1 2 3 4 5 6 7 8 9 10 11 12 13 14 15 16 17 18 19 20 21 22 23 24 25 26 27 28 29 30 31 32 33 34 35 36 37 38 39 40 41 42 43 44 45 46 47 48 49 50 51 52 53 54 55 56 57 58 59 60 61 62 63 64 65 66 67 68 69 70 71 72 73 74 75 76 77 78 79 80 81 82 83 84 85 86 87 88 89 90 91 92 93 94 95 96 97 98 99 100 101 102 103 104 105 106 107
|
.. _tutorial_bam:
**********************************************
Tutorial: Using the SAM/BAM/CRAM parsers
**********************************************
.. currentmodule:: HTSeq
High-throughput sequencing machines commonly produce fastq files. For many types of
analysis, the reads are then *aligned* to a reference genome by a "mapper" or "aligner"
software. Most of those software srote these output *alignments* as SAM/BAM/CRAM files.
``HTSeq`` has a set of parsers for these file formats.
This tutorial will walk you through a few routine operations with `SAM/BAM/CRAM`_ files.
The example files used here are all in the ``example_data`` folder of the ``HTSeq``
repository on GitHub.
.. _`SAM/BAM/CRAM`: http://samtools.github.io/hts-specs/SAMv1.pdf
What's the difference?
----------------------
tl;dr:
- SAM is an uncompressed, text format
- BAM is its compressed, binary sibiling
- CRAM is a newer compressed, binary format that evolved from BAM but is less widespread
``samtools`` can be used to simply convert between them from the command line.
.. note:: SAM files sometimes have a header containing the names and lengths of
chromosomes and a few more info (e.g. the aligner name). For BAM files, the
header is mandatory instead of optional.
Parsing a SAM file
------------------
To parse a SAM (text) file, you can use the :class:`SAM_Reader` class::
>>> f = HTSeq.SAM_Reader('yeast_RNASeq_excerpt_withNH.sam')

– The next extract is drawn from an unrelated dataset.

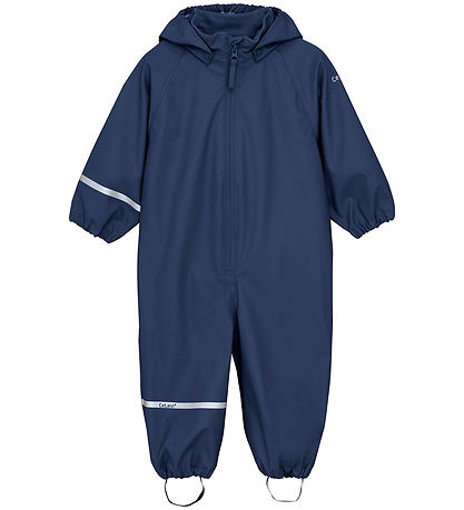 The CeLaVi rainsuit has a removable hood that is Fast with push buttons. The sleeves and trouser legs have elasticated edges, and there are adjustable elastic straps to put under footwear. The collar is lined with soft fleece.

You can use context management to ensure the file is closed properly. If we look
at the first 3 reads only::
>>> with HTSeq.SAM_Reader('yeast_RNASeq_excerpt_withNH.sam') as f:
... for i, read in enumerate(f):
... print(read)
... if i == 2:
... break
<SAM_Alignment object: Read 'HWI-EAS225:1:10:1284:1974#0/1' aligned to VIII:[394100,394136)/+>
<SAM_Alignment object: Read 'HWI-EAS225:1:10:1284:986#0/1', not aligned>
<SAM_Alignment object: Read 'HWI-EAS225:1:10:1284:2012#0/1' aligned to VII:[1001605,1001641)/+>
.. note:: Some SAM/BAM files derive from *paired-end* experiments. The ``for`` loop
above iterates over reads, not read pairs. See below for a parser that specifically
deals with read pairs.
Parsing a BAM file
--------------------
To parse a BAM (binary) file, you can use the sibiling class :class:`BAM_Reader`. Using a
context::
>>> with HTSeq.BAM_Reader('SRR001432_head.bam') as f:
... for i, read in enumerate(f):
... print(read)
... if i == 2:
... break
<SAM_Alignment object: Read 'SRR001432.1 USI-EAS21_0008_3445:8:1:107:882 length=25', not aligned>
<SAM_Alignment object: Read 'SRR001432.2 USI-EAS21_0008_3445:8:1:82:90 length=25', not aligned>
<SAM_Alignment object: Read 'SRR001432.3 USI-EAS21_0008_3445:8:1:639:904 length=25', not aligned>
As for SAM files, the iteration is over each single read, not read pairs.
Paired-end reads
----------------
Illumina sequencers can sequence a DNA molecule from both ends, leading to so-called
*paired-end* reads. It is sometimes useful to examine both reads of each pair (called
mates) at the *same time*, because they are two representative of the same original
DNA molecule.
``HTSeq`` has two classes to achieve this goal, depending on whether the SAM/BAM file
is "unsorted" aka *sorted by name*, or "sorted" aka *sorted by position*. In the former
case, the alignments from the two mates are found in the BAM file on consecutive lines.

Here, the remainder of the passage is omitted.